FBRef Scraper is a Python package designed to scrape data from the website FBRef. It utilizes Poetry for package management and Typer for building a command-line interface to facilitate scraping.
Install this package inside a Virtual Environment :
# pip
pip install football-analytics
#poetry
poetry add football-analytics
Usage
To run the scraper, use the following command:
fbref-scrap COMMAND
Replace COMMAND with the specific functionality you want to use.
Available Commands
- main: Initiates the scraping process. It's instantiated in a callback function, so no need to precise "main" when calling fbref-scrap command.
- Add more commands here as you develop additional functionality.
Docstring to the main function :
Typer command running the main function, called scraping_data_games.
Args:
start_date (str, optional): first date to be scrapped, should be YYYYMMDD. Defaults to "20240101".

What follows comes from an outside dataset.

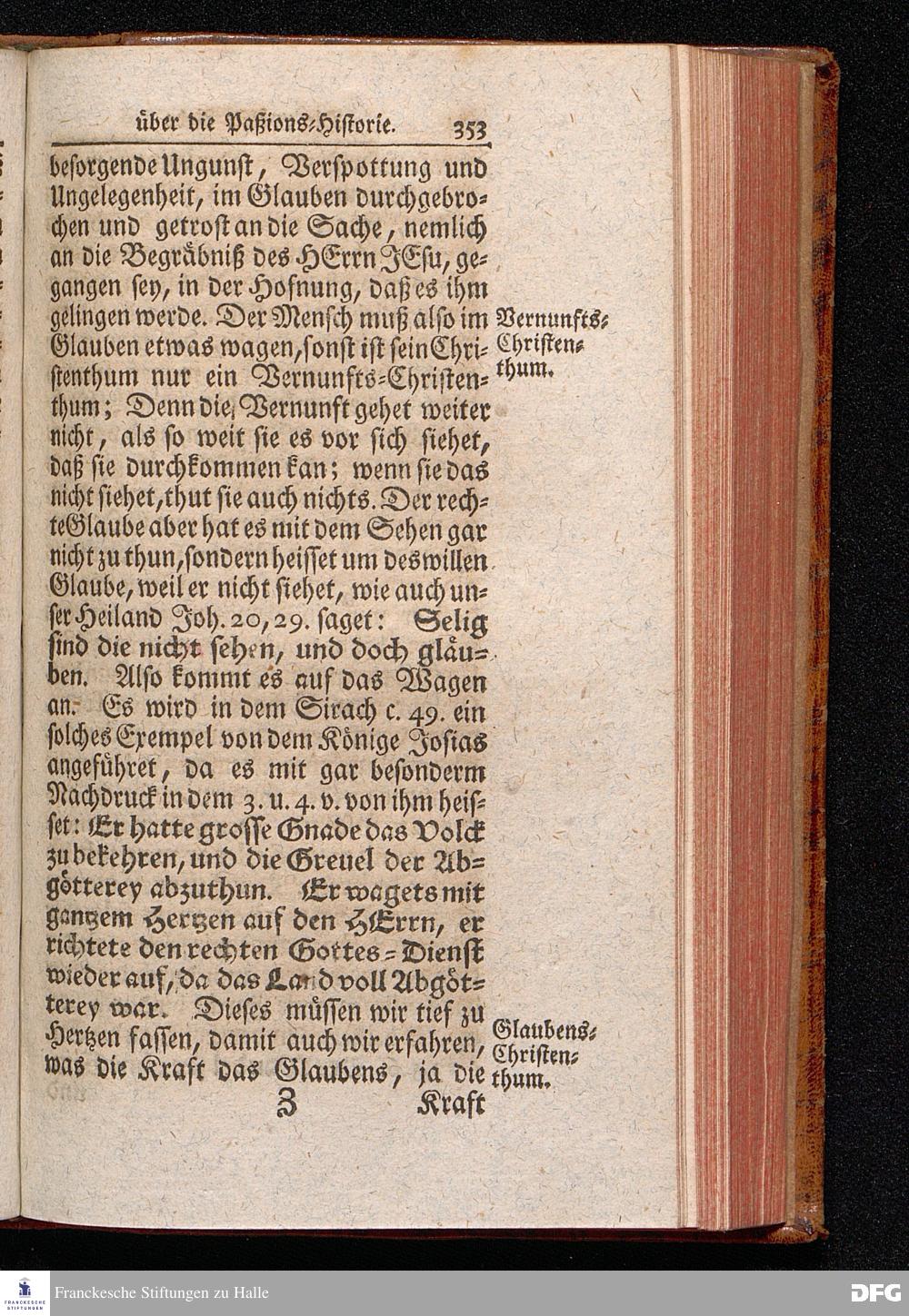 August Hermann Franckens S.THEOL.PROF.ORD.und PAST. Öffentliche Reden Uber die Paßions=Historie, Wie dieselbe Vom Evangelisten Marco im 14. und 15. Cap. beschrieben ist, Gehalten von Esto mihi bis Ostern 1712. In dem Waysenhause zu Glaucha an Halle. Vierte Edition. HALLE, verlegt im Wäysenhause, 1751.

end_date (Union[str, None], optional): last date to be scrapped, should be YYYYMMDD. Defaults to None.
db_config_path (Union[str, None], optional): Path to the config file, should be a .ini file with a [postgresql] header. If filed, we consider you want to save the output to the related database. Defaults to None.
Let's provide some examples on how you can run it.
# Run the scraper on January 1st 2024 (default date) only, no output are saved.
fbref-scrap
# Run the scraper on May 6th 2024 only, no output are saved.
fbref-scrap --start-date 20240506
# Run the scraper on all dates from May 6th 2024 to May 13th 2024.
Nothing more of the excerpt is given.